Нас перегнали на центральный лагпункт. Чтобы не разбрелись по зоне, на ночь заперли в буре — вместе с другой партией зеков, не знаю, откуда прибывшей.

Два ворёнка крутились возле латыша, владельца соблазнительного чемодана. Выбрав момент, они выхватили чемодан — «угол», по-ихнему — из под его головы и потащили в свой куток. Латыш беспомощно оглядывался, жалобно выкрикивал «Помогите, помогите», но помочь ему никто не спешил. И мне стало противно. Если бы эти двое были серьёзные воры!

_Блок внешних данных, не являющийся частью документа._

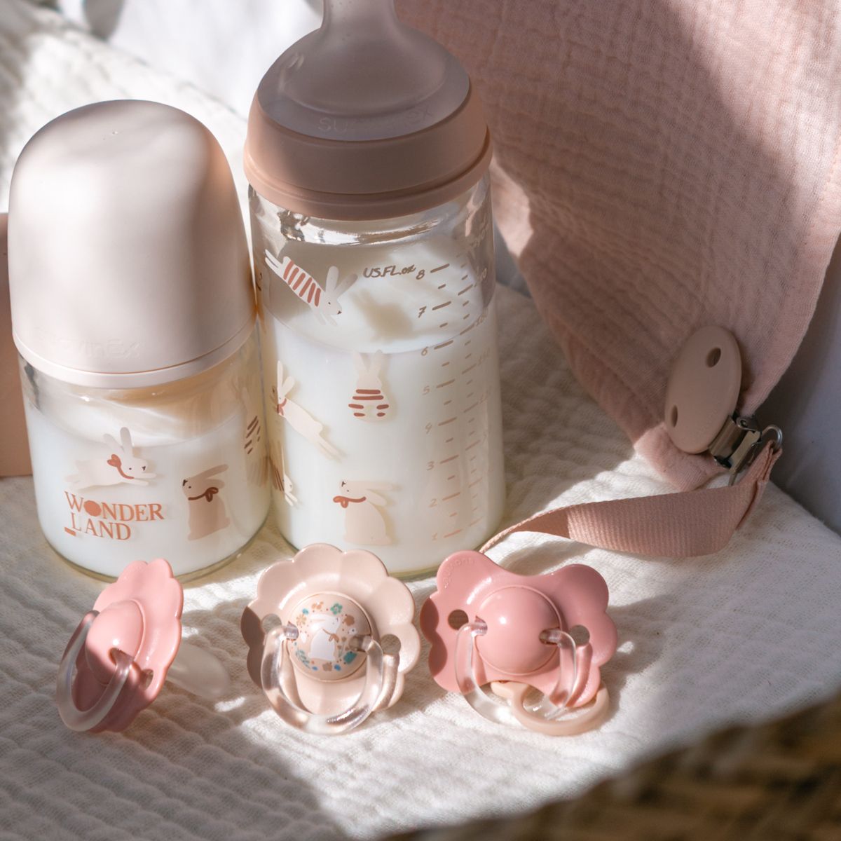 Cumlíky Wonderland Butterfly sú vybavené fyziologickou sacou časťou SX Pro zo silikónu, ktorá rešpektuje prirodzený vývoj ústnej dutiny dieťaťa. Vďaka plochému a symetrickému tvaru sa vždy správne prispôsobí v ústach.

А то ведь шакалы, торбохваты… Среди взрослых мужиков они чувствовали себя неуверенно — но не получив отпора, наглели с каждой минутой.

Я поднялся с нар, подошел, рванул на себя чемодан. Силенок у них было маловато. В драку гаденыши не полезли, но один, пискнув как крыса, укусил меня за палец. Победа досталась мне очень недорогой ценой. Я отдал чемодан хозяину. Он не поблагодарил: смотрел на меня с подозрением — видно, ждал, что я потребую свою долю… Мне стало еще противнее.

На утро нас рассортировали. Похоже было, что на Инту со мной пойдет только пятьдесят восьмая, причем большесрочники. Из пунктов преобладали тяжелые: 6-й — шпионаж, 8-й — террор, 14-й — саботаж. Хотя и «предателей» (58.1а, 58.1б) было достаточно. К нам добавили человек сто, пришедших с других лагпунктов, и повели на станцию, грузиться в краснухи. К моей большой радости, в один вагон со мной попал киевский паренек Сашка Переплетчиков. Мы подружились еще в Кодине, на комендантском. Напомню: это он разделывал на циркульной пиле забредшую в оцепление козу.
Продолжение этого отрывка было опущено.